Search code examples
netbeansjavafxutf-8mojibake

Mojibake in JavaFX (works fine in Netbeans)


Working on a simple translator project in Netbeans using JavaFX. Running it from Netbeans, it compiles and works perfectly. No rendering issues:

appearance when launched from Netbeans

But when running the same executable ([project-folder]\dist\Translator.jar):

mojibake in \dist\Translator.jar

Mojibake. Same thing for ([project-folder]\dist\run##########\Translator.jar):

mojibake in \dist\run##########\Translator.jar

There are four places the text could be misformatted: a list of terms is sent to the translator, which uses a web service to retrieve the translations (1). These are then cached in files (2), and are loaded by a parser (3), which makes data available for display in the JavaFX window (4). I've inspected the files and they're valid UTF-8, and the parser only runs when it's loading an existing file, which a new deployment wouldn't have any of. So I've narrowed it down to the display in the JavaFX window.


Solution

  • I'm sorry my question wasn't fantastic, but I've come across many people with similar issues and it was hard to isolate the specific case for mine.

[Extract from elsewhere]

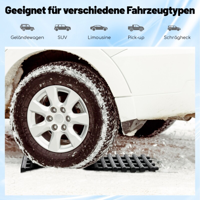 Να είστε προετοιμασμένοι για κάθε πρόκληση εκτός δρόμου με αυτές τις αξιόπιστες και φορητές ταινίες ανάκτησης! Οι τάπητες πρόσφυσης ελαστικών είναι κατασκευασμένοι από ανθεκτικό και υψηλής αντοχής υλικό TPR και μπορούν να αντέξουν τις πιο σκληρές συνθήκες και βαριά φορτία. Το μοναδικό μοτίβο πέλματος αυτών των ταινιών εξασφαλίζει μέγιστη πρόσφυση και σταθερότητα. Επιπλέον, οι ταινίες ανάκτησης είναι συμβατές με αυτοκίνητα και φορτηγά, δίνοντάς σας την αυτοπεποίθηση να κατακτήσετε περιπέτειες εκτός δρόμου. Ο αναδιπλούμενος σχεδιασμός επιτρέπει εύκολη αποθήκευση στο πορτμπαγκάζ του οχήματος, και η παρεχόμενη τσάντα τις κρατά οργανωμένες και προστατευμένες. Είτε αντιμετωπίζετε έντονη χιονόπτωση, λασπώδες έδαφος ή αμμόλοφους, οι ταινίες ανάκτησης ελαστικών προσφέρουν την απαραίτητη πρόσφυση για να προχωρήσετε. Για εύκολη εφαρμογή, τοποθετήστε απλά τις ταινίες μπροστά από τα ελαστικά που χρειάζονται πρόσφυση, πατήστε πάνω τους και αφήστε την πρόσφυση να κάνει τα υπόλοιπα.

    The crux of the issue is that Netbeans will automatically execute all JVM sessions with UTF-8 as the default encoding (as far as I'm aware). Normally this isn't an issue, but when working with languages that take advantage of disputed codepoints within the UTF-8 specification, this will likely guarantee mojibake will be spat out by any JVM that uses an encoding other than UTF-8. This is a majority of them, because the JVM specification says that the best practice is to use the host system's encoding, which is frequently not UTF-8.

    The question Java compiler platform file encoding problem helped me to address the issue. Since I don't have access to the JVM arguments for every system my code will run on (which seems unrealistic), the solution below is what I personally opted for.

    /**
     * Converts a string from the system default encoding into UTF-8.
     * This fixes rendering issues for UTF-8 characters where the default
     * encoding would yield mojibake.  Should be run against any Strings that
     * will be displayed to the end user directly that may contain UTF-8
     * characters.
     * 
     * @param string    The String to be re-encoded.
     * @return          the re-encoded string
     */
    public static String convertToUTF8(String string){
        return new String(string.getBytes(Charset.defaultCharset()), Charset.forName("UTF-8"));
    }
    

    A simple little method that gets the job done, called as necessary.